▶ _Directions_:
Only an exact copy belongs in the answer: the line with "പകർത്തിയെന്നും റിപ്പോർട്ട് പറയുന്നു." and every line after it through the end of the records, pictures left out.

[Items from a data source]
◆ ◆ ◆ ◆

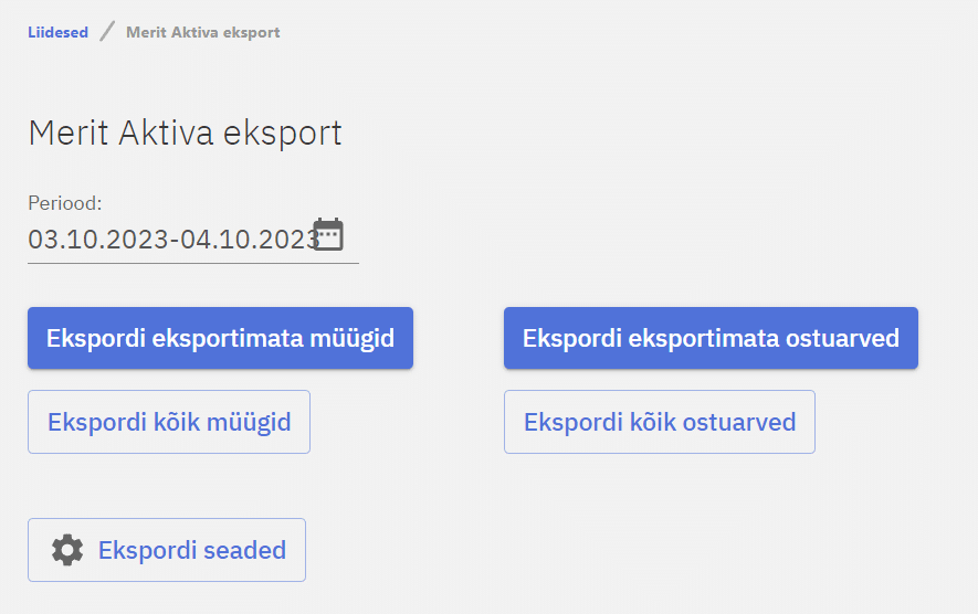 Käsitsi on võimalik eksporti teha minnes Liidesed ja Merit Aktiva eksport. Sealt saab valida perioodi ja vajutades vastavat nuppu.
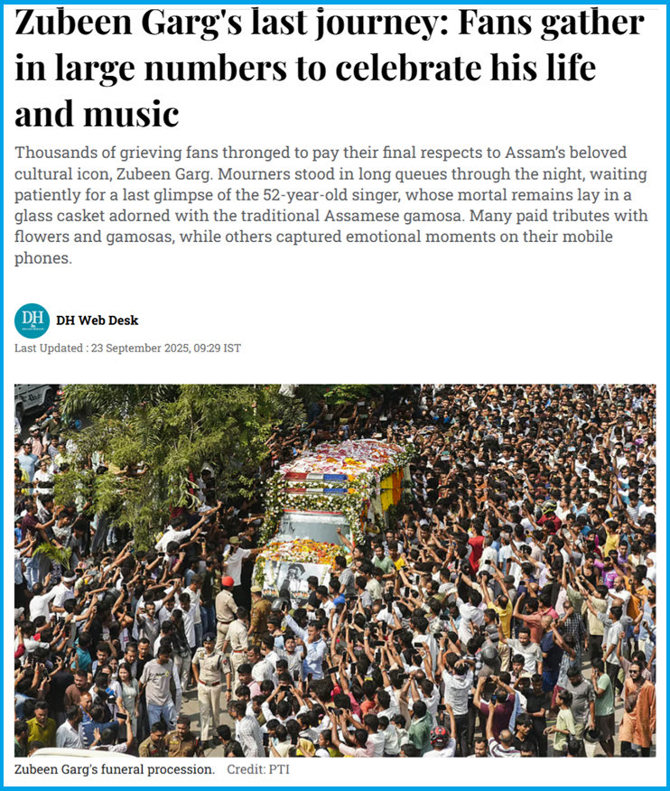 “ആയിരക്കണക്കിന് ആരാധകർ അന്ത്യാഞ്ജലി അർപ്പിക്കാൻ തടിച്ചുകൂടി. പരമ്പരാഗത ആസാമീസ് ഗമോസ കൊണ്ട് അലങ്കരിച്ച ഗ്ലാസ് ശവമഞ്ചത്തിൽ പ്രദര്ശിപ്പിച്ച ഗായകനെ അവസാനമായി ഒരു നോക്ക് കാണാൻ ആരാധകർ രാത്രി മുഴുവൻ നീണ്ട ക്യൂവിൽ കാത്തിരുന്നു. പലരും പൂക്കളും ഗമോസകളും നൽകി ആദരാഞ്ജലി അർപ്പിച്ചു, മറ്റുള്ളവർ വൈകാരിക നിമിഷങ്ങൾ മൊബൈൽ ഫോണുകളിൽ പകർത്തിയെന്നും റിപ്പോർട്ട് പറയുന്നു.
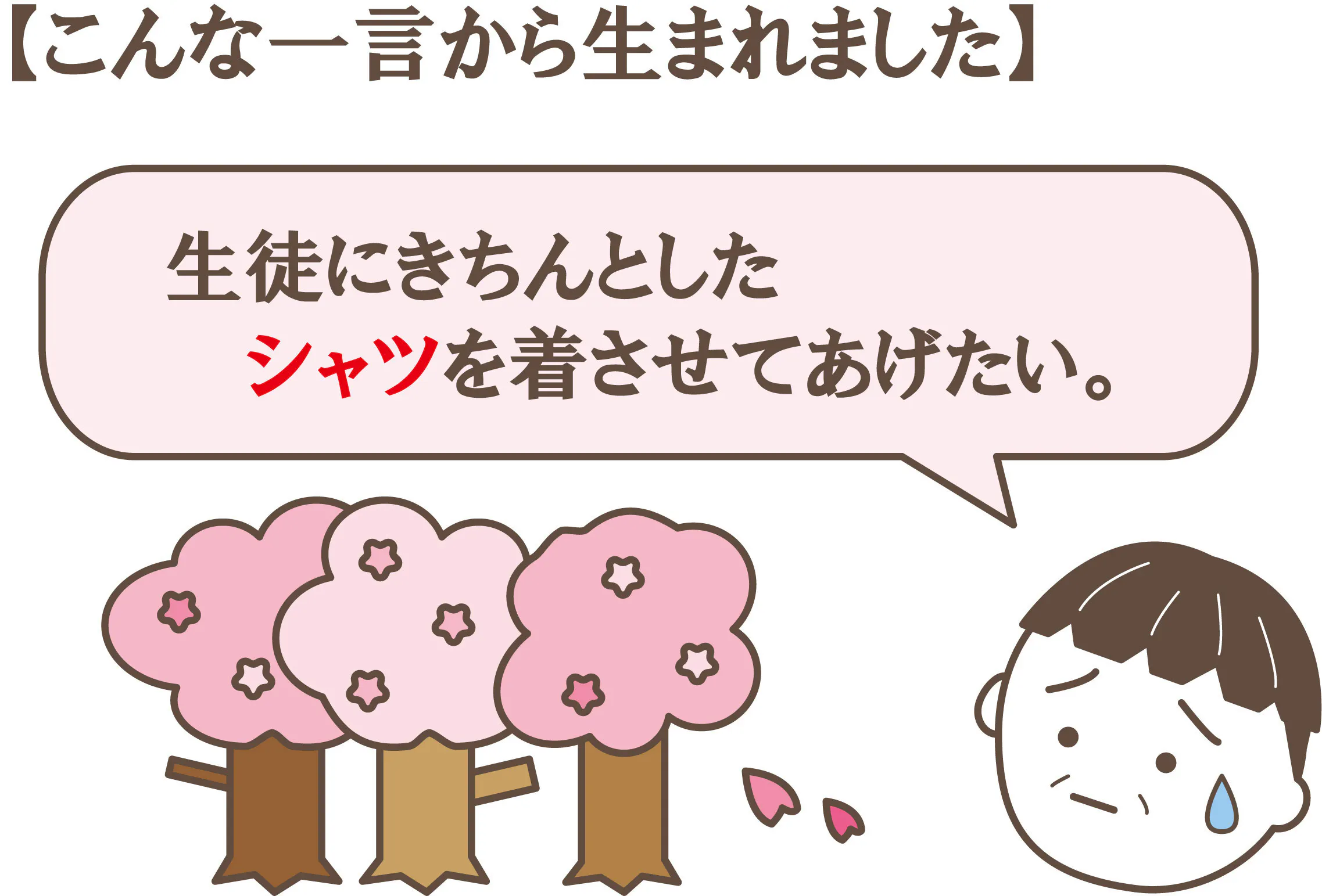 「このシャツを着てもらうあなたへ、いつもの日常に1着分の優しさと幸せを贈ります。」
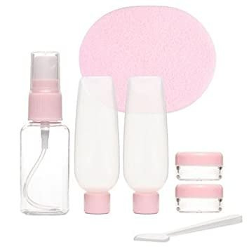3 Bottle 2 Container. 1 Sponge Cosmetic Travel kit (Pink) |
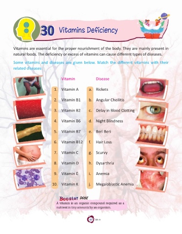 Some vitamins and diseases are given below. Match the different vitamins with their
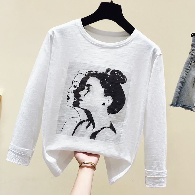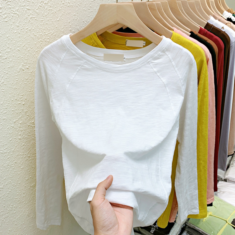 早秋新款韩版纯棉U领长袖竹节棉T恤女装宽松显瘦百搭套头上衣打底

◆ ◆ ◆ ◆

▶ _Response area_:
 “ആയിരക്കണക്കിന് ആരാധകർ അന്ത്യാഞ്ജലി അർപ്പിക്കാൻ തടിച്ചുകൂടി. പരമ്പരാഗത ആസാമീസ് ഗമോസ കൊണ്ട് അലങ്കരിച്ച ഗ്ലാസ് ശവമഞ്ചത്തിൽ പ്രദര്ശിപ്പിച്ച ഗായകനെ അവസാനമായി ഒരു നോക്ക് കാണാൻ ആരാധകർ രാത്രി മുഴുവൻ നീണ്ട ക്യൂവിൽ കാത്തിരുന്നു. പലരും പൂക്കളും ഗമോസകളും നൽകി ആദരാഞ്ജലി അർപ്പിച്ചു, മറ്റുള്ളവർ വൈകാരിക നിമിഷങ്ങൾ മൊബൈൽ ഫോണുകളിൽ പകർത്തിയെന്നും റിപ്പോർട്ട് പറയുന്നു.
 「このシャツを着てもらうあなたへ、いつもの日常に1着分の優しさと幸せを贈ります。」
3 Bottle 2 Container. 1 Sponge Cosmetic Travel kit (Pink) |
 Some vitamins and diseases are given below. Match the different vitamins with their
 早秋新款韩版纯棉U领长袖竹节棉T恤女装宽松显瘦百搭套头上衣打底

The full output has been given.